- [Exercise] Output every record word for word, minus the pictures.

- [Entries provided]
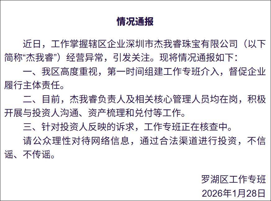 1月28日,罗湖区工作专班发布情况通报:近日,工作掌握辖区企业深圳市杰我睿珠宝有限公司(以下简称“杰我睿”)经营异常,引发关注。现将情况通报如下:
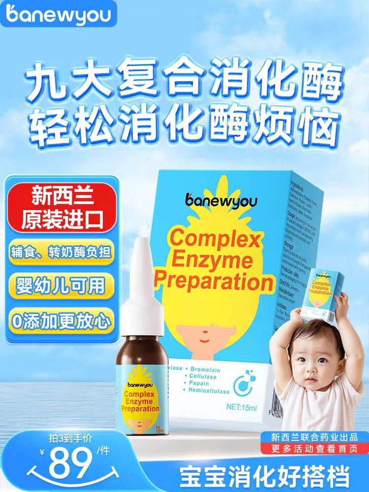 在某平臺伴樂優(yōu)旗艦店,一款“伴樂優(yōu)”復(fù)合消化酶在商品頁面宣稱,缺少消化酶會導(dǎo)致食物酶解不充分,營養(yǎng)吸收不全面,并列舉了寶寶厭食挑食、消化吸收差、發(fā)育遲緩、不愛睡覺等嬰幼兒“腸胃不好”的場景。稱其產(chǎn)品添加了9大消化酶,嬰幼兒如有積食、便秘等情況,可在餐后兌入溫水服用,也可以加入奶液、輔食中食用。
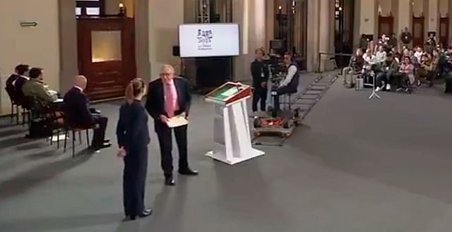 La escena fue transmitida en vivo desde Palacio Nacional. Mientras el funcionario se preparaba para tomar la palabra, Sheinbaum se inclinó discretamente hacia él y le dijo en voz baja: "No digas los municipios". A pesar de la advertencia, el diálogo continuó por unos segundos, pero de forma inesperada, el audio del micrófono fue silenciado, impidiendo escuchar el contenido posterior de la conversación.
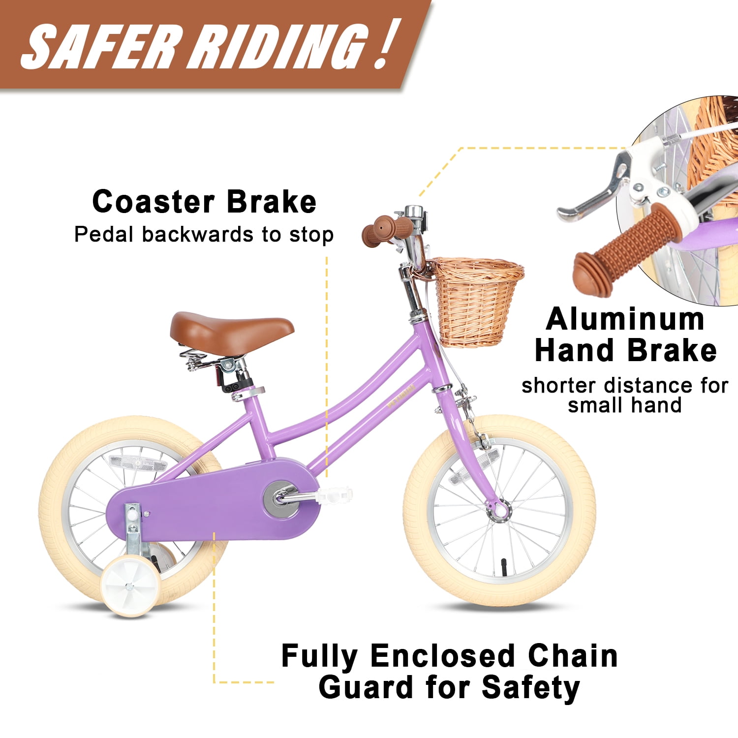 【DESIGNED FOR CHILDREN】- Short-reach brake levers, lower stand-over height, protective stem pad and removable training wheels make it fun and safe for kids learning to ride a pedal bike. The height of Seat and handlebar can be adjusted, the bike will grow with your little one. 【SAFE & DURABLE】- Coaster brake makes it easy to learn. Enclosed chain guard prevents your little one touching the chain. Durable hi-ten steel construction provides long-lasting reliability, backed by a LIFETIME warranty on the frame. 【LOVELY COMPONMENT】 – Soft handlebar grips, reflectors and a bell are included. The extremely cute wicker basket to let the kids pack stuffed animals or snacks. 【EASY TO INSTALL】- The bike is 85% assembled and comes with the basic assembly tools and only a few parts need to be added to the bike, which takes approximately 20 minutes. 【PLEASE CHECK THE SIZE】- The 12” bike is designed for children 1 – 4 years old or 32 – 38 inches tall. The 14” bike is designed for children 3 – 5 years old or 35 – 43 inches tall. The 16” bike is for children 4 – 8 years old or 40 – 51 inches tall. The 18” bike is for children 5 – 9 years old or 45 – 56 inches tall. The 20” bike is for children 6 – 12 years old or 50 – 62 inches tall.
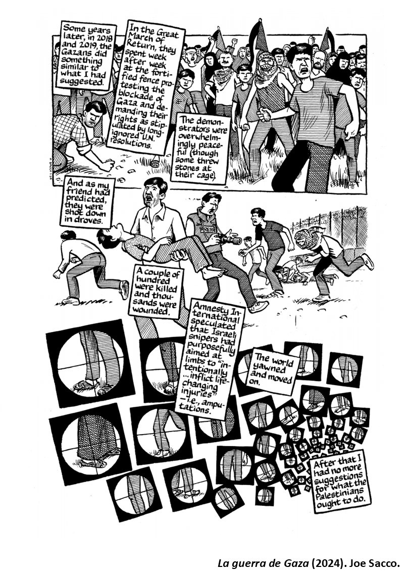 A més, Sacco recorda en una de les seves vinyetes que «Amnistia Internacional va sospitar que els franctiradors israelians van apuntar cap a les extremitats dels manifestants per aconseguir provocar ferides que canviaran la vida dels ferits, és a dir, amputacions de membres». Només un soldat va acabar detingut per no obeir les ordres, i es calcula que el nombre de ferits va poder superar els 3.000 col·lapsant els hospitals. I d’això en fa un lustre. Uns hospitals que ara mateix no existeixen, bombardejats sota la sospita que aixoplugaven terroristes. Suposadament, perquè la majoria dels periodistes que podien haver informat in situ sobre la veracitat de la informació, són morts per culpa dels bombardejos.
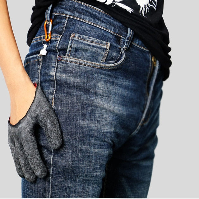 1. Fuerte protección: este guante está hecho de polietileno de alta densidad y revestimiento de látex, protege sus manos de cortes y raspaduras.
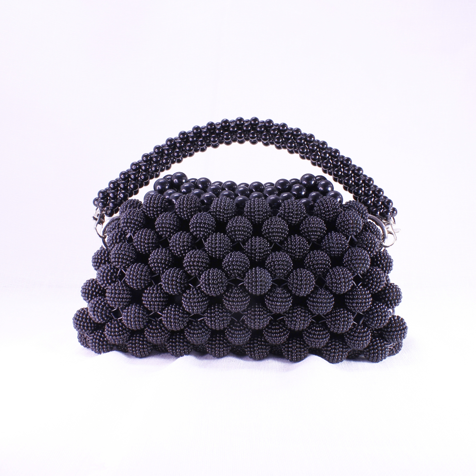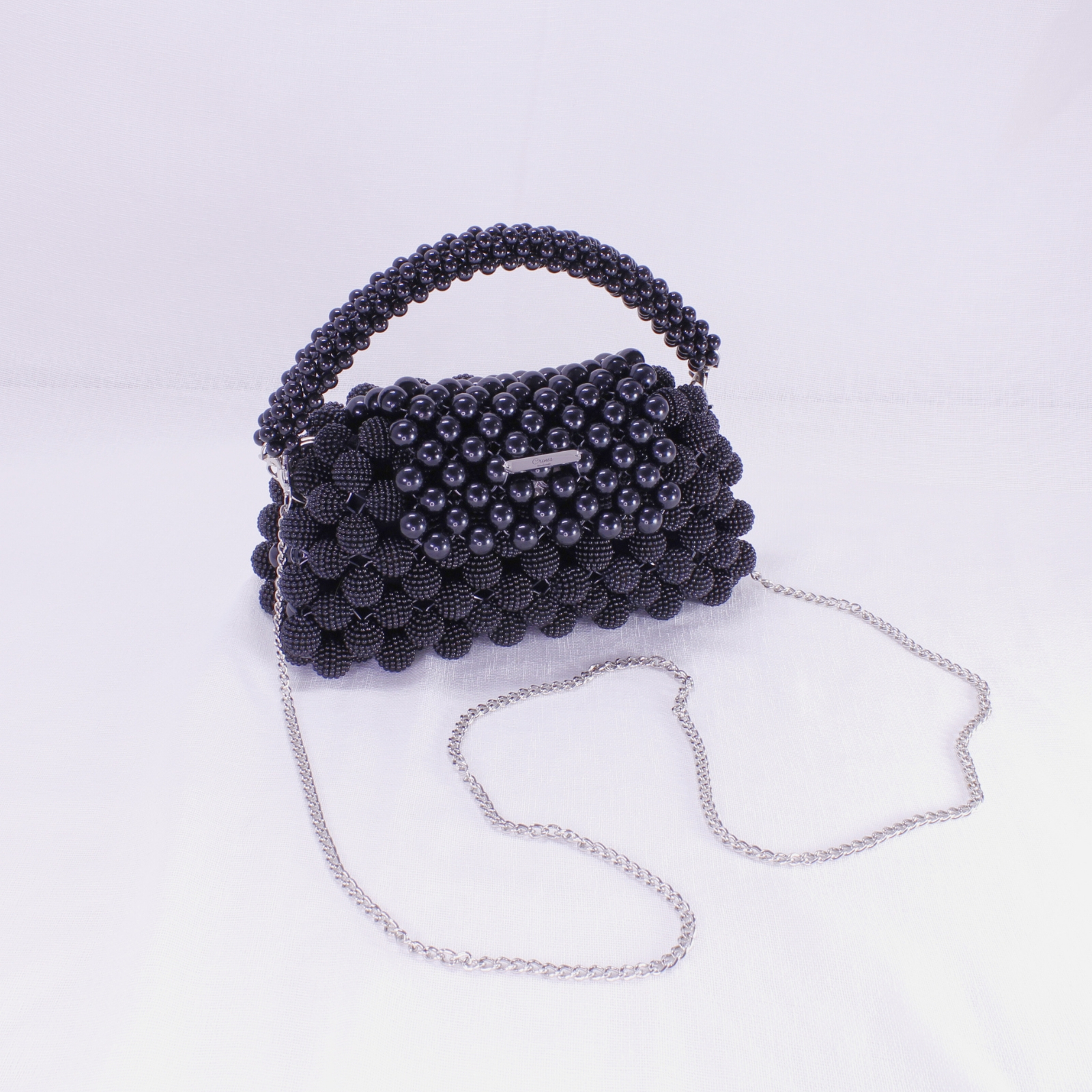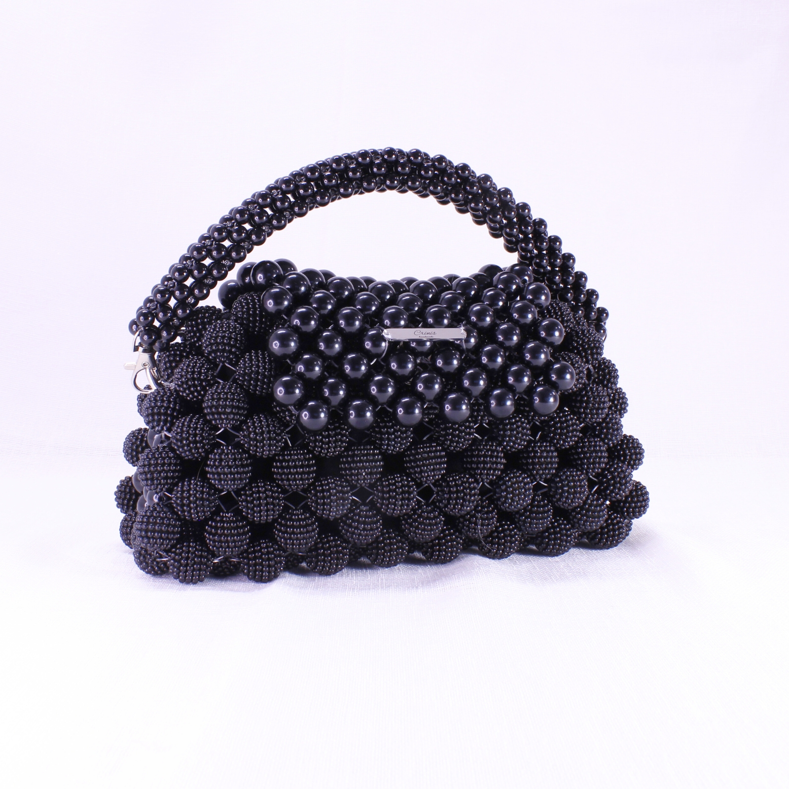 O piesă de efect, lucrată manual din mărgele negre cu finisaj lucios, ce impresionează prin eleganță și versatilitate.
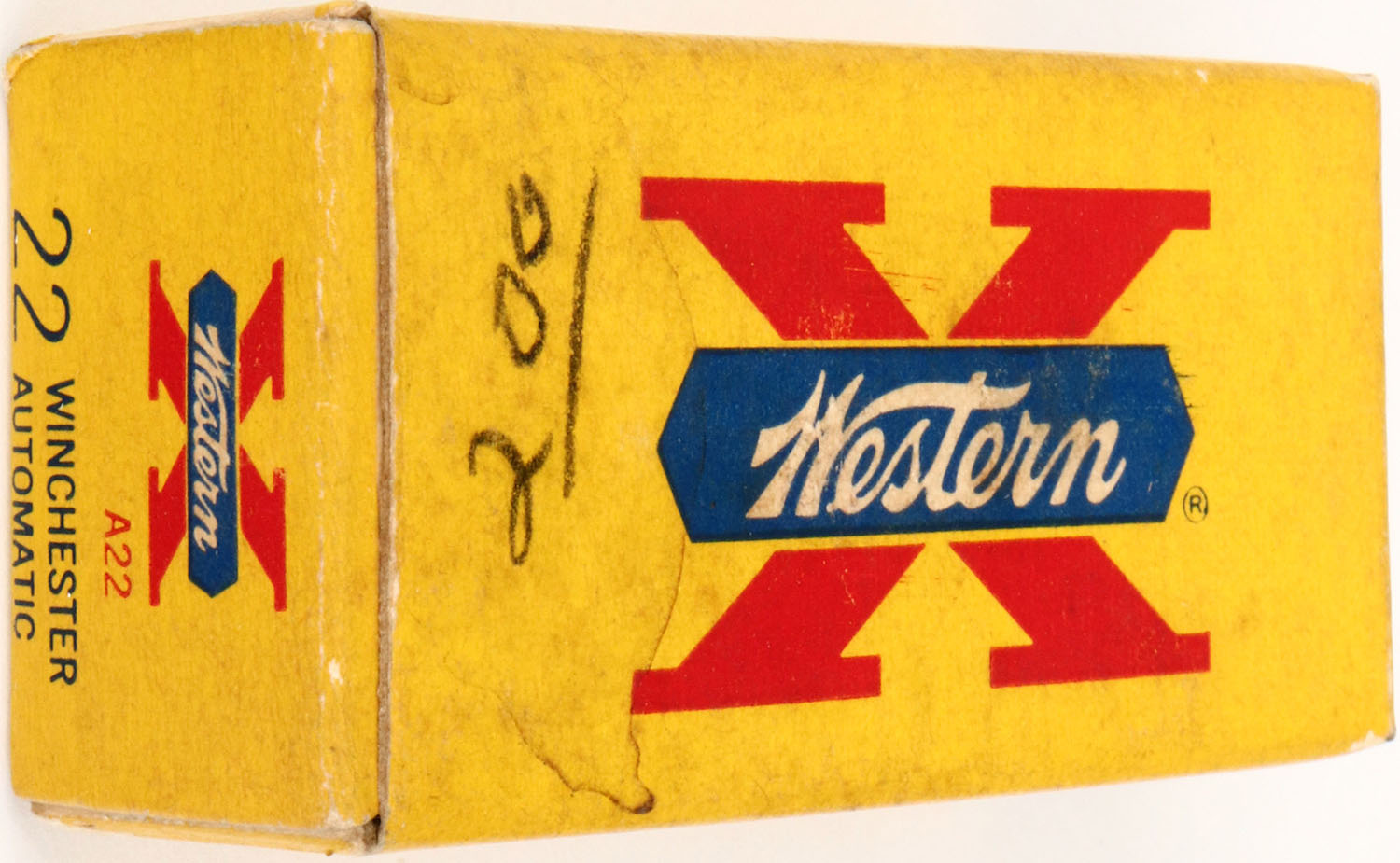Western, X, .22 Winchester Automatic, A22, RHWeb: WCC-11 WA-1b, Full, 1pc. Yellow red & blue box, box is solid with very good color, some age soiling, very minor corner wear, edges are mostly crisp, top has been written on, Tennessee ammo tax stamp on bottom, end flaps are solid, ammo is excellent. Grade: Excellent + - Value: 20 to 60

- [Output for this task]
 1月28日,罗湖区工作专班发布情况通报:近日,工作掌握辖区企业深圳市杰我睿珠宝有限公司(以下简称“杰我睿”)经营异常,引发关注。现将情况通报如下:
 在某平臺伴樂優(yōu)旗艦店,一款“伴樂優(yōu)”復(fù)合消化酶在商品頁面宣稱,缺少消化酶會導(dǎo)致食物酶解不充分,營養(yǎng)吸收不全面,并列舉了寶寶厭食挑食、消化吸收差、發(fā)育遲緩、不愛睡覺等嬰幼兒“腸胃不好”的場景。稱其產(chǎn)品添加了9大消化酶,嬰幼兒如有積食、便秘等情況,可在餐后兌入溫水服用,也可以加入奶液、輔食中食用。
 La escena fue transmitida en vivo desde Palacio Nacional. Mientras el funcionario se preparaba para tomar la palabra, Sheinbaum se inclinó discretamente hacia él y le dijo en voz baja: "No digas los municipios". A pesar de la advertencia, el diálogo continuó por unos segundos, pero de forma inesperada, el audio del micrófono fue silenciado, impidiendo escuchar el contenido posterior de la conversación.
 【DESIGNED FOR CHILDREN】- Short-reach brake levers, lower stand-over height, protective stem pad and removable training wheels make it fun and safe for kids learning to ride a pedal bike. The height of Seat and handlebar can be adjusted, the bike will grow with your little one. 【SAFE & DURABLE】- Coaster brake makes it easy to learn. Enclosed chain guard prevents your little one touching the chain. Durable hi-ten steel construction provides long-lasting reliability, backed by a LIFETIME warranty on the frame. 【LOVELY COMPONMENT】 – Soft handlebar grips, reflectors and a bell are included. The extremely cute wicker basket to let the kids pack stuffed animals or snacks. 【EASY TO INSTALL】- The bike is 85% assembled and comes with the basic assembly tools and only a few parts need to be added to the bike, which takes approximately 20 minutes. 【PLEASE CHECK THE SIZE】- The 12” bike is designed for children 1 – 4 years old or 32 – 38 inches tall. The 14” bike is designed for children 3 – 5 years old or 35 – 43 inches tall. The 16” bike is for children 4 – 8 years old or 40 – 51 inches tall. The 18” bike is for children 5 – 9 years old or 45 – 56 inches tall. The 20” bike is for children 6 – 12 years old or 50 – 62 inches tall.
 A més, Sacco recorda en una de les seves vinyetes que «Amnistia Internacional va sospitar que els franctiradors israelians van apuntar cap a les extremitats dels manifestants per aconseguir provocar ferides que canviaran la vida dels ferits, és a dir, amputacions de membres». Només un soldat va acabar detingut per no obeir les ordres, i es calcula que el nombre de ferits va poder superar els 3.000 col·lapsant els hospitals. I d’això en fa un lustre. Uns hospitals que ara mateix no existeixen, bombardejats sota la sospita que aixoplugaven terroristes. Suposadament, perquè la majoria dels periodistes que podien haver informat in situ sobre la veracitat de la informació, són morts per culpa dels bombardejos.
 1. Fuerte protección: este guante está hecho de polietileno de alta densidad y revestimiento de látex, protege sus manos de cortes y raspaduras.
 O piesă de efect, lucrată manual din mărgele negre cu finisaj lucios, ce impresionează prin eleganță și versatilitate.
Western, X, .22 Winchester Automatic, A22, RHWeb: WCC-11 WA-1b, Full, 1pc. Yellow red & blue box, box is solid with very good color, some age soiling, very minor corner wear, edges are mostly crisp, top has been written on, Tennessee ammo tax stamp on bottom, end flaps are solid, ammo is excellent. Grade: Excellent + - Value: 20 to 60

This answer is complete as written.